– 20.05.2018
Saturday and Sunday: 2pm-6pm
The result of several visits to Eurico Gonçalves’ studio located in the CML studio complex in Coruchéus, above the Quadrum Gallery, where the artist showcased his work in 1978, this exhibition, organised by the Municipal Galleries/EGEAC in association with the Lisbon Municipal Directorate of Culture, features a wide selection of previously unseen works – paintings on paper.
These works, identified by the artist himself as works of Zen-Inspired Gestural, Informal and/or Calligraphic Painting, were in the possession of well-known critic, art historian and brother of the artist, Rui Mário Gonçalves, until his death in 2014.

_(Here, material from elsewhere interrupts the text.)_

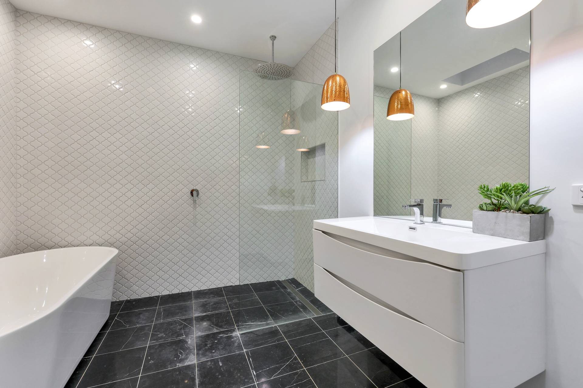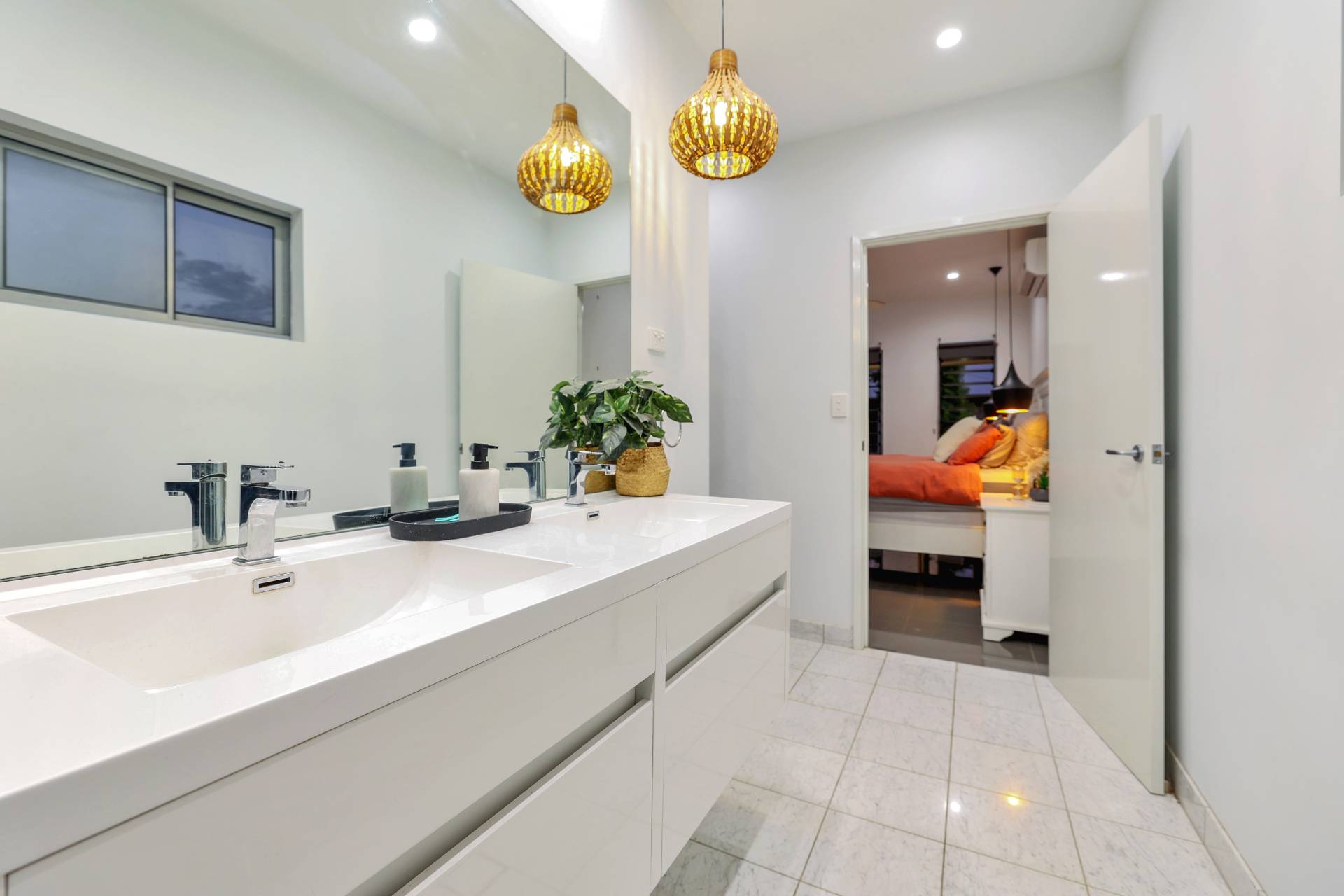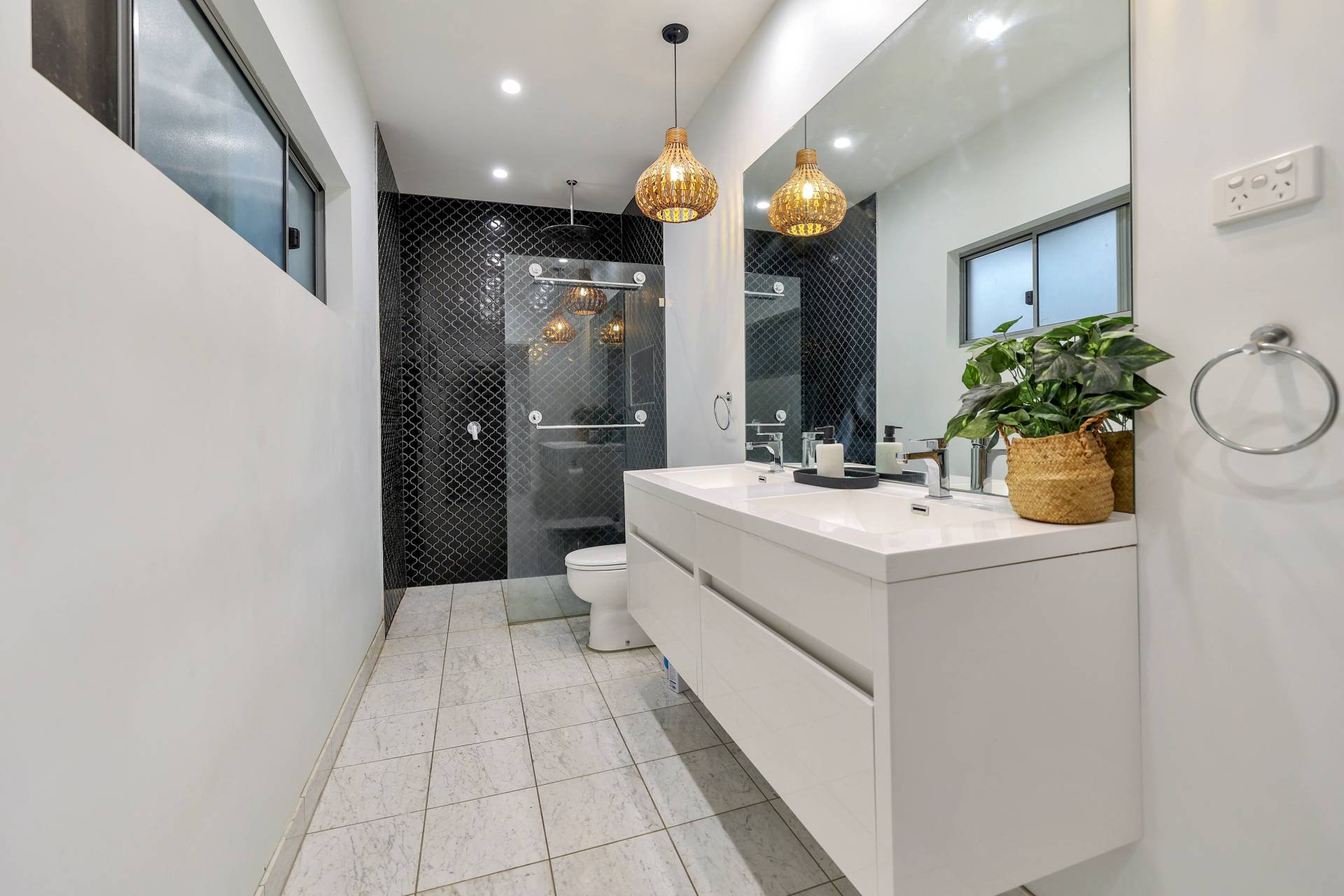 The home has a front facing master bedroom suite with twin feature pendant lighting strung low either side of the bed. A lux ensuite bathroom boasts dual basin and a gorgeous shower with feature tiles along with a walk in robe. 3 more bedroom all have tiled flooring, A/C, louvered windows and a built in robe. The master bathroom is sleek and gorgeous with a free standing bath tub along with pendant lighting as well.

Influenced by Surrealism, Dadaism and Zen Buddhist philosophy – for example, it may be recalled that in 1963, Japanese Zen author Daisetsu Teitaro Suzuki was nominated for the Nobel Peace Prize – Eurico Gonçalves’s work was developed on the basis of a spontaneous and at times markedly informal visual and pictorial automatism of an anti-academic nature, that from the 1960s gave rise to a lyrical, gestural abstractionism of a very intuitive nature.

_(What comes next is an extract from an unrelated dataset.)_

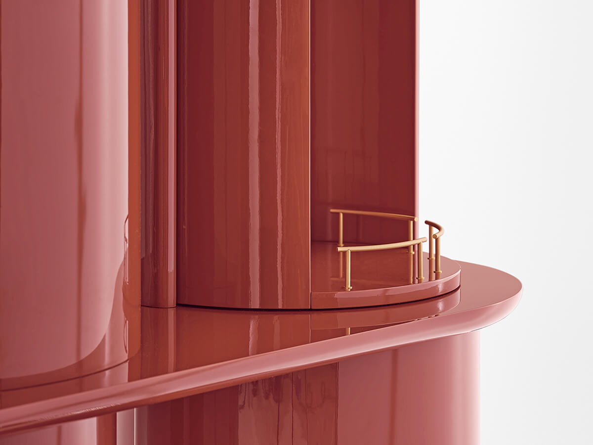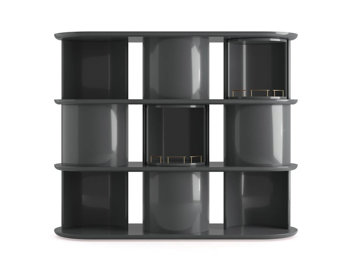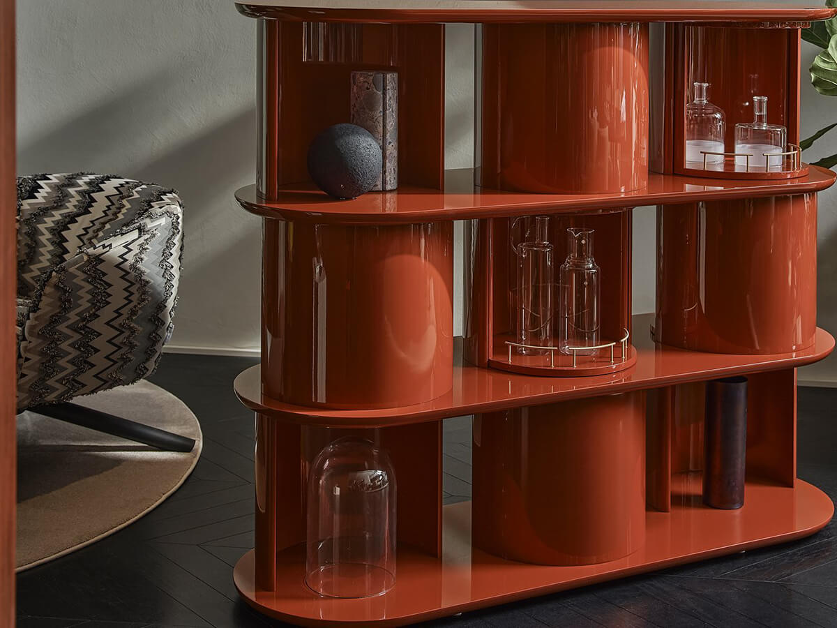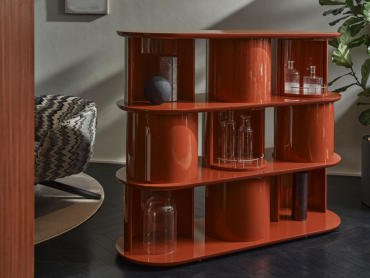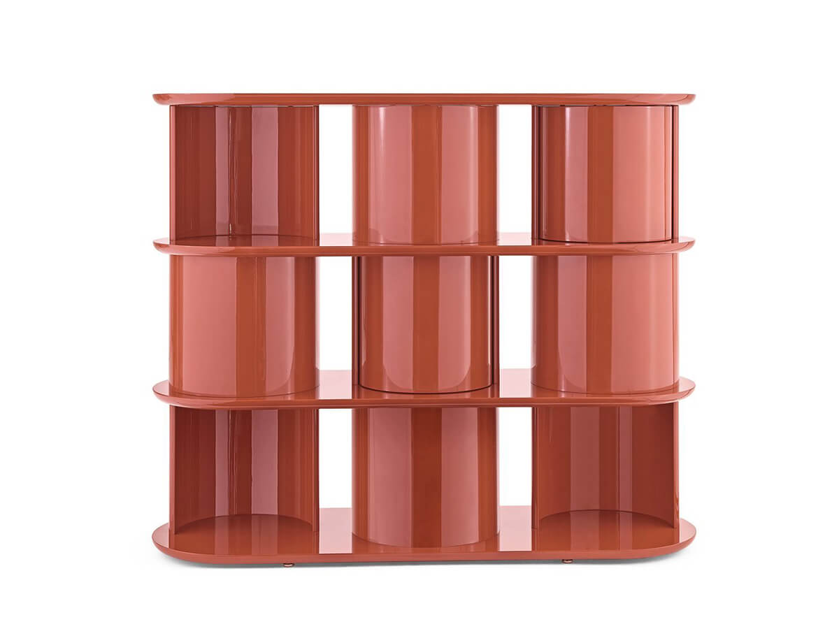 Figlia dell’estro del geniale Pietro Russo, la libreria Hide&Seek di Gallotti&Radice presenta un design ingegnoso e creativo: ogni suo ripiano è infatti suddiviso in vani da tre mezzi cilindri, che in alcune versioni possono essere resi richiudibili grazie allo scorrimento di un secondo mezzo cilindro girevole. I cilindri presentano aperture orientate in entrambi i sensi, facendo di Hide&Seek una libreria bifacciale ideale per un posizionamento a centro-stanza. Hide&Seek è interamente laccata, lucida oppure opaca, ed è disponibile in differenti colori: “Rosso Persia”, acceso e vivace, ideale per dare un tono fresco e determinato all’ambiente, oppure “Grigio Londra”, più sobrio e versatile.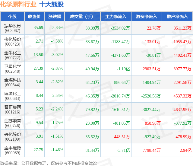 个股表现方面,化学原料行业当日领跌股为振华股份(603067),该股当日报收35.69,下跌5.83%,成交量38.39万,主力资金净流出3534.02万元。柳化股份(600423)以下跌4.58%紧随其后,该股当日成交量63.67万,主力资金净流出1188.47万元。除此之外,金牛化工(600722)、卫星化学(002648)、金煤科技(600844)均进入当日熊股之列。具体个股列表见下表:

Exposing the nakedness of the medium and using only India ink, Eurico Gonçalves makes use of the semiotic qualities of ink stains on paper and understands the artist’s work as a way of approaching life and its flow, underlining the continuity between art and life with contrasting intensities, empty spaces, dynamics and rhythms.
The more than fifty works on display, showcase an experimental period of Eurico Gonçalves that is strongly marked by works circulating in the European and international cultural fabric at the time – the artist himself recognising these various influences.
These experiments essentially arise from an exploration of the relationship between the unconscious and the vitality of the creative gesture, more and less contained, promoting the free flow of the pictorial material, affording a role to chance and denying form, which, in the words of the artist himself, construct a work “without correction or retouching that, in my view, finds affinities with the vitalism of Dada”.